Sometimes you just have to let them know that this is how it's got to be. Life is better for both of us when I'm in less pain.

I know he worries for my health, but the risk vs reward is something only I can decide for myself. Trying to shame someone when you can't possibly know what they suffer is just crappy, controlling behavior. Don't tolerate it!

 
Amen to that! Easier said than done in some cases tho. I totally get it.

 
Thanks for all the replies. I guess you can kinda tell I was talking about my husband... He can be a @ss sometimes!! He has seen me go without my pain meds for weeks now and e truly can tell how bad I hurt. I just lay & cry.. & there's nothing he or I can do.. Doctors won't help anymore to scared to RX.

 
I know what you mean about being too scared to RX.

I also have had my share of dr's who wouldn't treat my pain.  My (now former) ortho doc saw that I could barely walk or stand, and not unassisted.  He told me that he does not prescribe any pain meds unless someone has surgery.  He blamed my state's laws for that, but I did research and that is not true.

I did things backwards:  instead of starting with my PCP dr (I couldn't get an appointment), I ended up in the ER.  The ER only gives a couple days of pain pills.  Then I saw this ortho doc, and from there got referred to pain managment (which took a couple of weeks).
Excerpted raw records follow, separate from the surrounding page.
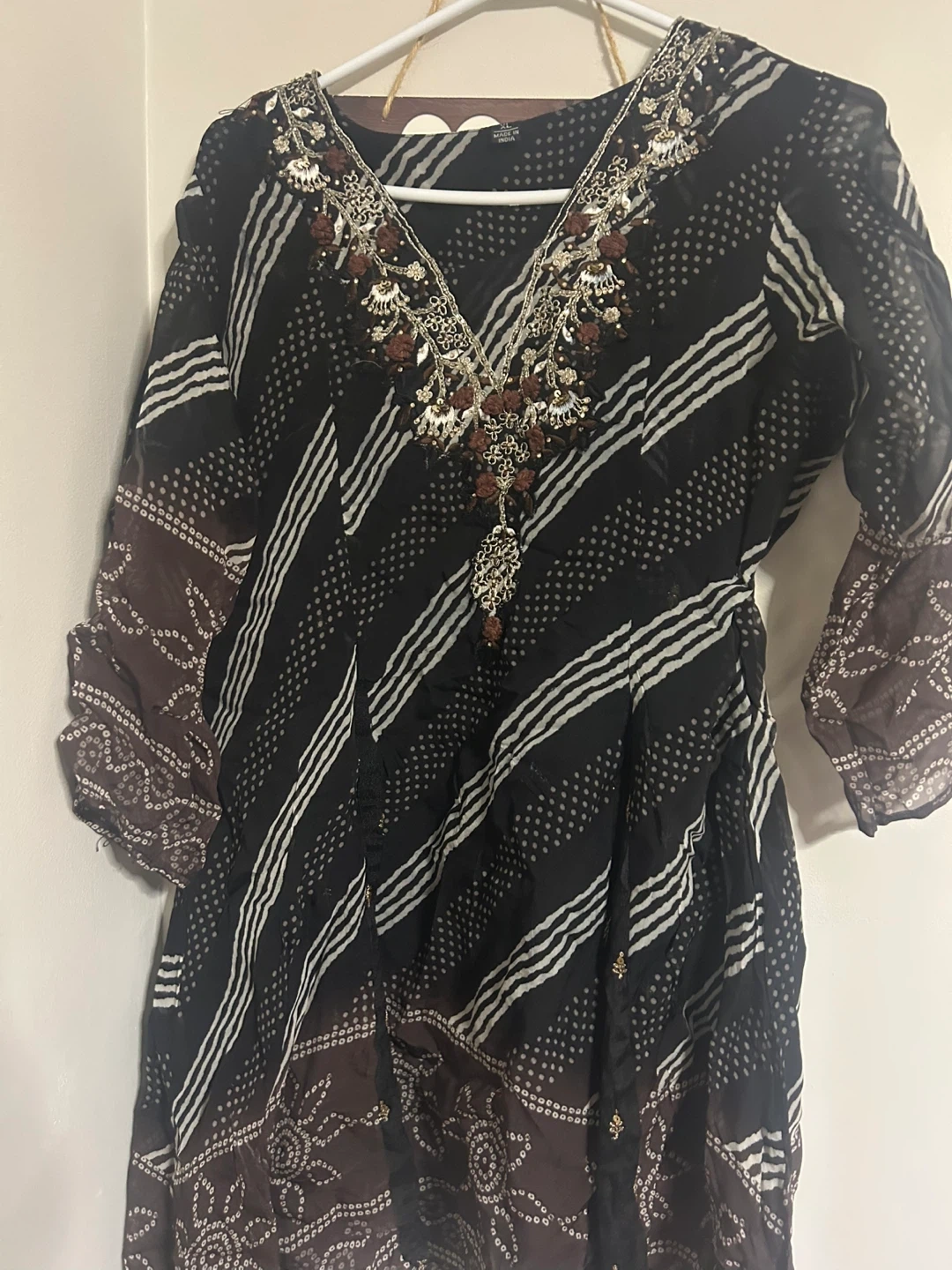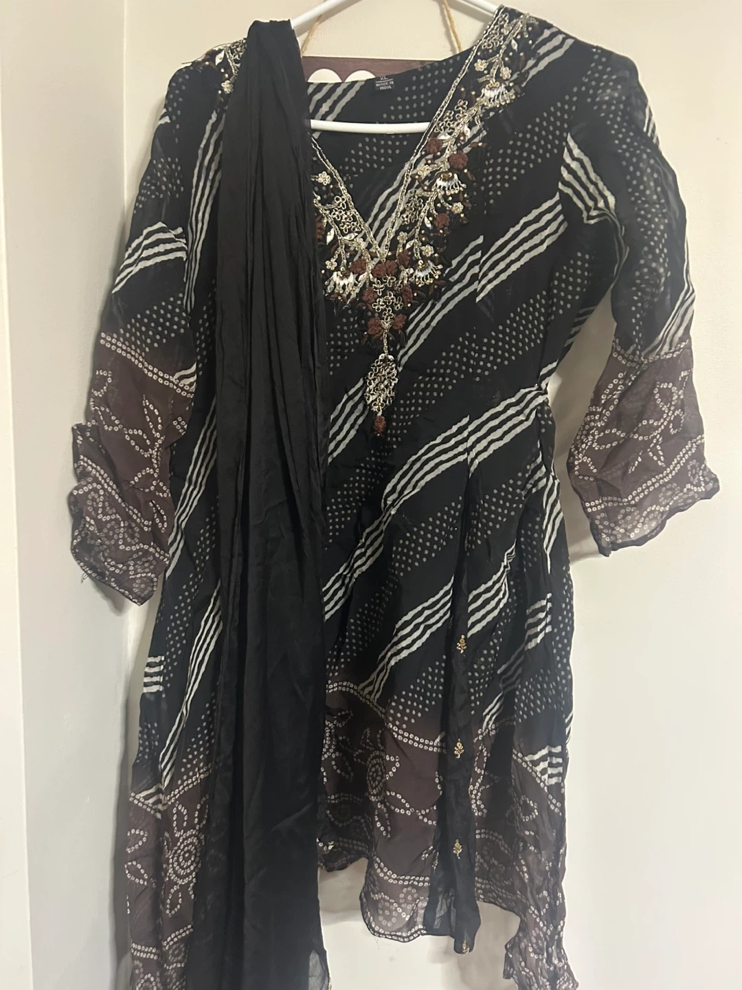This is a black embroidered kurti with a matching dupatta and Dhoti salwar with lace. The kurti features a V-neckline with intricate beadwork and sequin embellishments. It has a striped and dotted print pattern. The sleeves are flared with a patterned cuff. A plain black dupatta is also included.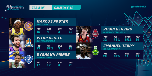 Marcus Foster de UNET Holon, Vitor Benite de San Pablo Burgos, Robin Benzing de Casademont Saragosse, Dyshawn Pierre du Dinamo Sassari et Emanuel Terry de Teksut Bandirma forment l'équipe de la semaine pour la Journée 12 de la Basketball Champions League 2019-20.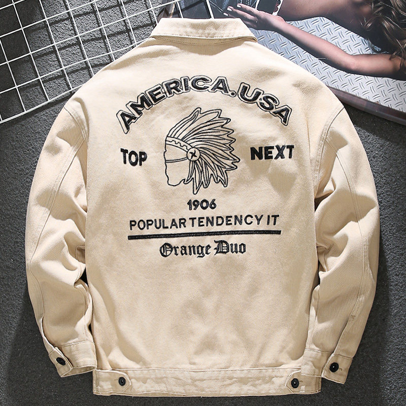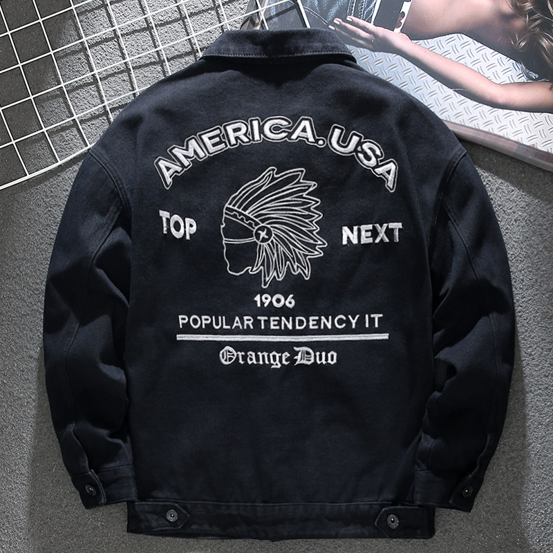 Handsome Gas Country Tide Original Embroidery China Wind Denim Jacket Male Trend Card Han Version Sashimi Jacket Spring And Autumn Denim-Taobao

Meanwhile, miserable me drags herself to the PCP dr -- to find out that my longtime dr was retiring!  Arrgh!

So I thought I was out of luck, but the new doc looked at my chart and my BP (which is usually low) and saw it shooting high from the pain.  He prescribed me with no problem.  In fact on my follow up visit, he asked if the pain meds were working, and I said they sort of work - so he upped the dose.  I am still leery of taking them, but when I need them it is good that they are there. 

I would urge you to try another dr.  I know that my PCP has a sliding scale program for those without insurance coverage.  I'm sure other dr's do too.  I was ready to give up but I made myself keep trying, which is so hard to do when you are in pain, I know.

I wish you all the best.  I will be praying for you!

 
Thank you so much. I need all the prayers I can get!! It's a struggle to move anymore. House work has just been skipped the last few days. Just can't do it!!